Solving these two equations is usually done in several steps (breaking up a PDE into simpler pieces and solving the pieces separately is known as operator splitting). The $\mathbf{f}$ term is simply scaled by the time step and added to the current velocity. The advection term, $-(\mathbf{u} \cdot \nabla) \mathbf{u}$ is then solved. One popular way to solve the advection term is with the semi-Lagrangian technique because it is stable for large time step sizes.

After advection, we have what can be called a best guess velocity

$$ \tilde{\mathbf{u}} = \mathbf{u} + \Delta t (- (\mathbf{u} \cdot \nabla) \mathbf{u} + \nabla \cdot (\nu \nabla \mathbf{u}) + \mathbf{f}) $$

which does not take into account pressure or mass conservation. The final step, pressure-projection, is in fact one of the reasons that Eulerian techniques are popular for fluids. The trick of the pressure-projection step is to solve for a pressure such that subtracting that pressure’s gradient from the best guess velocity will give a final velocity that conserves mass.
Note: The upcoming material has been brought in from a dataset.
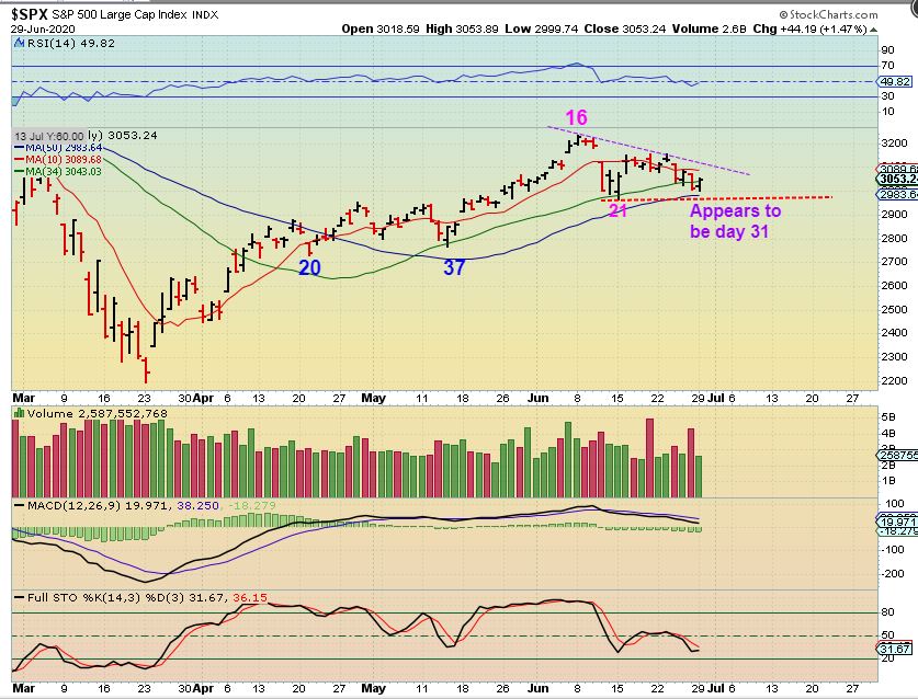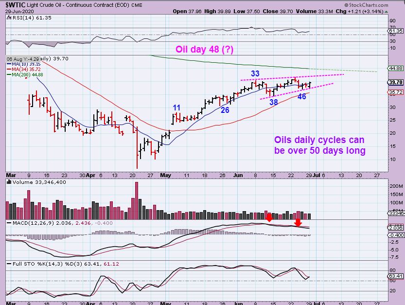 XOP – After a false break out through the overhead  200 sma, that became a day 16 peak in the 2nd daily cycle. The XOP dropped and we are almost at a point where we view it as L.T. ( left translated) and that indicates a weakening set up. That could affect the overall strength of the 3rd daily cycle.

$$ \begin{equation}\label{unew} \mathbf{u}^\text{new} = \tilde{\mathbf{u}} - \Delta t \nabla p \end{equation} $$

substituting it in $\eqref{mass}$ and rearrange to get Poisson equation

$$ \Delta t \nabla^2 p = \nabla \cdot \tilde{\mathbf{u}} $$

with which we can solve for $p$. Then plug it back $\eqref{unew}$ to find our final velocity. The final velocity is incompressible (divergence free), and for a constant density fluid this ensures mass conservation. Compressible fluids can also conserve mass, but their density must change to do so.